SHOCK THERAPY BURSTS THE UTOPIAN BUBBLE
The fantasy of stateless capitalism and of free markets gave way, in the 1990s, to “shock therapy” in Russia. As the living standards of the Russia people collapsed, along with life expectancy itself, so did popular enthusiasm for democratic politics wane; in this desperate climate, support for authoritarianism, even a revived Communist Party, grew. A group of Russia trade unionists I met in the early 1990s explained it thusly: “Well you know, [electro] shock therapy destroys the memory.” And so it did.
The KGB regime that eventually emerged from the turmoil of the Yeltsin years and this climate of desperation was the product of shock therapy policy, a policy that had the enthusiastic support of many American liberals or at least their acquiescence. The Putin regime was not inevitable nor was the attempt to re-establish Russian power in the “near abroad”. A different European Union with different policies and without its effective merger with NATO might have made a difference in helping a democratic opposition to Yeltsin and then Putin to emerge as a strong force in Russia.
By this time, the American right had succeed in making the “L” word (liberal) a curse word (now we have only have progressives), and so scored one of their greatest political triumphs. Bill Clinton, along with his advisor, Strobe Talbot, supported shock therapy as designed by another liberal thinker, Jeffrey Sachs. Only now, thanks to Naomi Klein’s, magnificent book, Shock Doctrine is the record being set straight about Sachs achievement in Russia—along with the support from advocates of the free market theorists, under Milton Friedman and the Chicago Boys, of Pinochet’s murderous regime in Chile.
“Freedom” it seems, comes at a price: in Russia, the price of freedom is mass (unnecessary) suffering and the destruction of democratic possibilities. In Chile, the price of freedom came in the form of the deaths and disappearances of thousands of opponents of “freedom”.
Echoes of the Communist motto about breaking eggs to make an omelet, or the latest version of this idea, come in the euphemism employed by current advocates of change from above: staging, defined as democracy by degrees, found in academic publications and “journals of democracy” as well as in books on “fixing broken states.” One unstable idea gives way to another, as it has in the words of Secretary of State, Condoleezza Rice: authoritarian capitalism as a pre-requisite for the emergence of real democratic capitalism. Shoot workers and imprison trade unionists (South Korea for example where the graveyards are full of their bodies) and all will be well in time. [When I first heard these ideas out of the mouths of ideologues of the World Bank at a post-Cold War seminar in Prague, I thought for a moment that they might have been at one time students of the late Paul Baran, a non-party Stalinist thinker, or authoritarian third worldists or fellow-travelers of the Communist Party, or apologists for Castro, or, in the long distant past, members in their youth of the Labor Youth League where this version of socialism or economic development from above was common in the 1950s.]

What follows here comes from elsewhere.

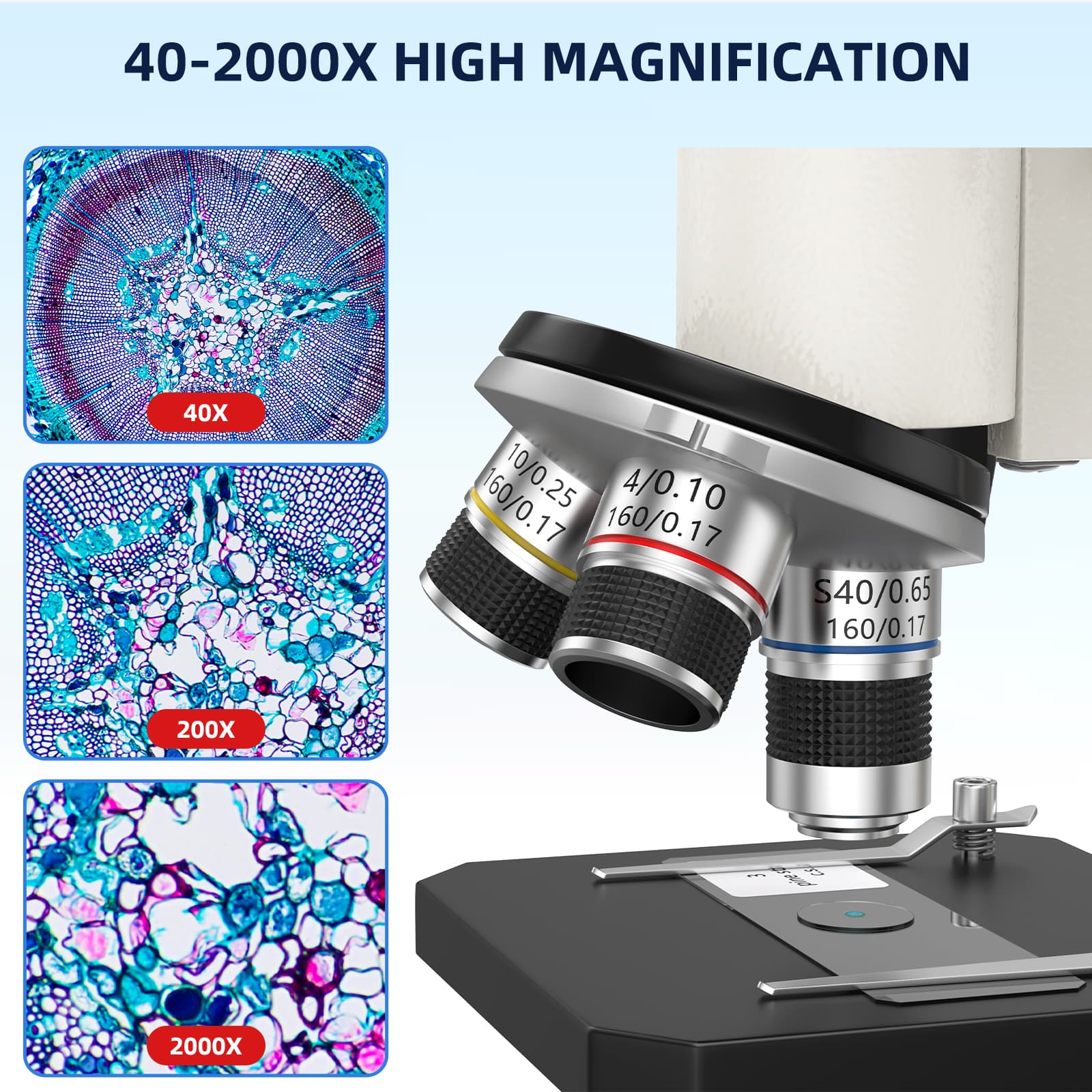 - High-Power Compound Microscope -- With a maximum magnification of 2000x, this compound microscope allows users to explore the microscopic world in great detail.

Along with shock therapy came the expansion of NATO, into the periphery of the former Soviet Union, and the creation of an active American military presence in countries such as Georgia, where we now see installation of a missile defense system for Poland and the Czech Republic. At the time of the NATO expansion, a military and economically weakened Russia could only feebly protest. Once again, because of the absence of a party of opposition in America, NATO expansion was decided with virtually no discussion and no opposition from Congress. It was taken as a fait accompli—the very circumstance that the late George Kennan warned would have most disastrous consequences for the future of world peace as the events in Georgia have demonstrated.
MILITARY FORCE OFFERS NO SOLUTION TO SOCIAL AND ECONOMIC WOES
Sometimes, in a moment of whimsy, I imagine that President George W. Bush, along with most of the political elite of both parties, sat at the feet of Black Panther, Huey Newton, and learned from him when he preached (following Chairman Mao) what was probably the stupidest sermon ever preached: “All Power flows from the barrel of a gun.”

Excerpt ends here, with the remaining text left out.